Резюмируя и конкретизируя вышесказанное: во время первых лет реставрации с Руисом Соррильей сотрудничали люди, которые позже, на министерской скамье, выказали себя самыми убежденными монархистами; а этот достойный человек, поддерживавший огонь протеста против государственного переворота 3 января 1874 года, наивный и чересчур честный, доверял своим ложным друзьям. В результате, как это часто происходит с политиками, большинство оставило республиканского вождя ради министерского портфеля или высокого места, и, в конце концов, он смог рассчитывать лишь на тех, кто не продается из чувства собственного достоинства, но чьим занятиям недостает логики, которая могла бы поднять их мысль и их энергию до уровня активных действий.
Если бы не Асенсио Вега, Себриан, Мангадо, Вильякампа и немногие другие, дон Мануэль стал бы на многие годы игрушкой в руках амбициозных спекулянтов, замаскировавшихся под патриотов.

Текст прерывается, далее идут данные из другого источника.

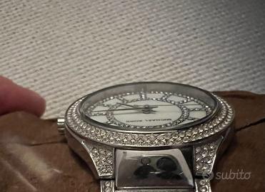 Orologio donna usato poco. In acciaio con zirconi. Ben conservato. Comprensivo di maglie per allargare il polso, scatola e documento di vendita.
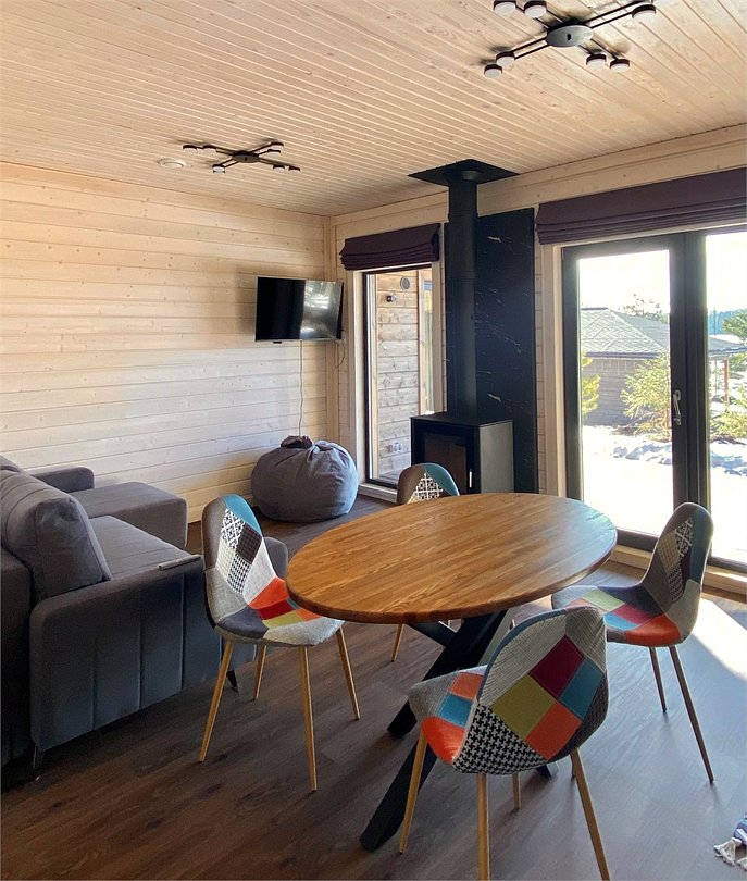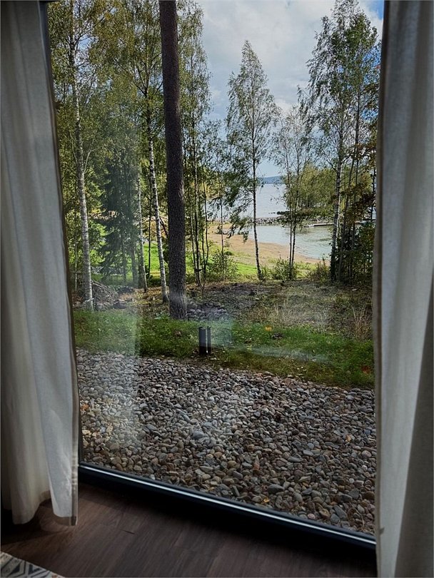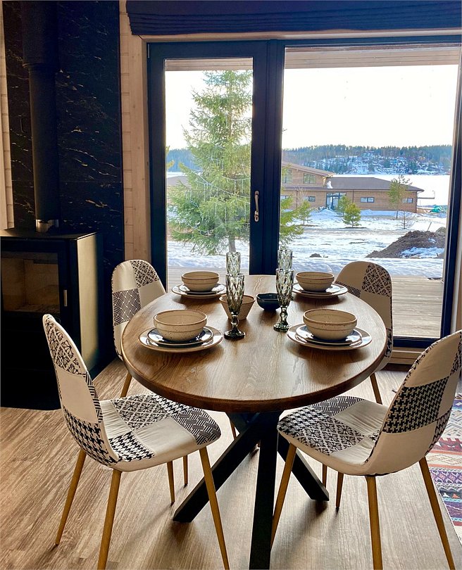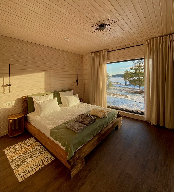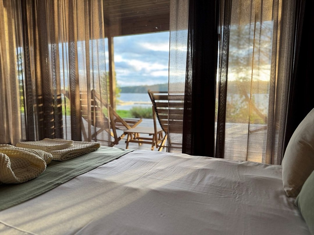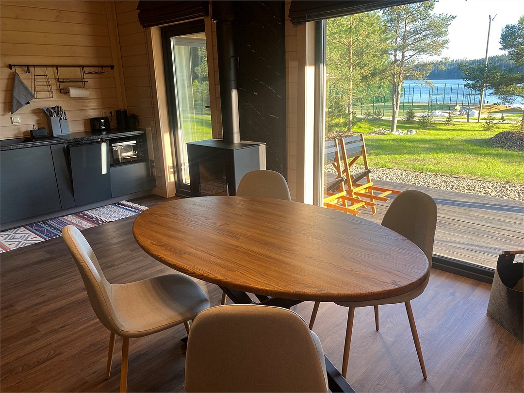 Дом с 3 спальнями, где каждое утро начинается с вида на водную гладь. Панорамные окна по всему периметру дома, просторная гостиная с камином и собственная сауна. Прямой выход на террасу и к собственной береговой линии. Дом полностью оборудован всем необходимым для комфортного отдыха. Наслаждайтесь утренним кофе на террасе с видом на озеро и закатами прямо из гостиной.Услуги и удобства
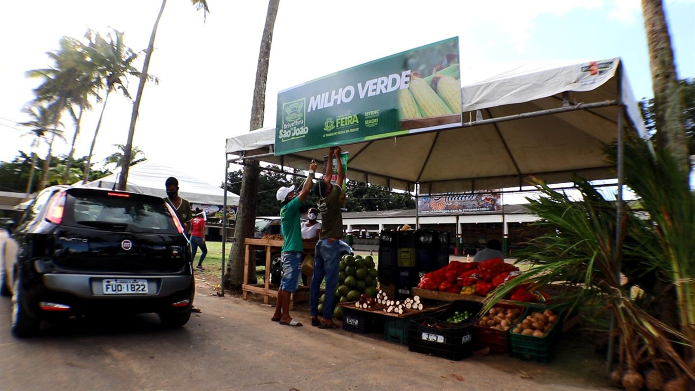 Instalado no Parque de Exposição João Martins da Silva, ao longo da BR-324, o Drive Thru de São João é o local mais seguro para as pessoas adquirirem produtos juninos sem exposição ao riscos de contrair o coronavírus Covid-19. No local, as pessoas encontram todos os produtos típicos da época, inclusive iguarias já preparadas, com preços bastante competitivos e com a vantagem de ninguém precisar descer do carro para ser atendido.
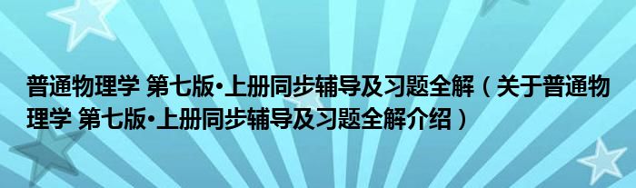 免责声明:本文由用户上传,如有侵权请联系删除!大家好,小钱来为大家解答以上的问题。普通物理学 第七版·上册同步辅导及习题全解,关于普通物理学 第七版·上册同步辅导及习题全解介绍这个很多人还不知道,现在让我们一起来看看吧!
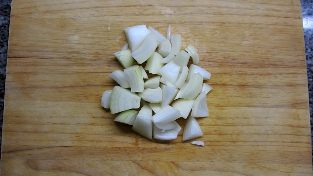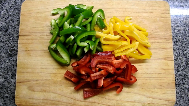 1 Cut sweet peppers, onions, green onions, tears the mushrooms and chopped garlic.

По всем этим причинам, я ограничился воздействием на моих учеников, выбирая для экспериментов тех из них, кто казался мне наиболее подходящим и лучше всех приспособленным для этого.
С ясным пониманием собственных целей, пользуясь определенным авторитетом, который мне придавала моя позиция учителя и мой экспансивный характер, исполняя свои профессиональные обязанности, я разговаривал со своими учениками на различные темы: иногда об испанских обычаях, иногда о политике, религии, искусстве, философии, всегда стараясь исправить высказываемые ими мнения, которые могли быть преувеличенными или необоснованными, или подчеркнуть те неудобства, которые возникают, если подчиняешь собственное суждение догмам сект; школ или партий, что, к сожалению, происходит очень часто. Таким образом я добивался того, что после подобных дискуссий люди, далекие от меня по своим убеждениям, становились ближе ко мне и соглашались со мной, отбросив свои ранее неоспоримые убеждения, принятые когда-то на веру из послушания или из-за простой услужливой покорности. Благодаря этому мои друзья и ученики чувствовали себя счастливыми, что избавились от постыдной ошибки и приняли истину, обладание которой возвышает и придает достоинство.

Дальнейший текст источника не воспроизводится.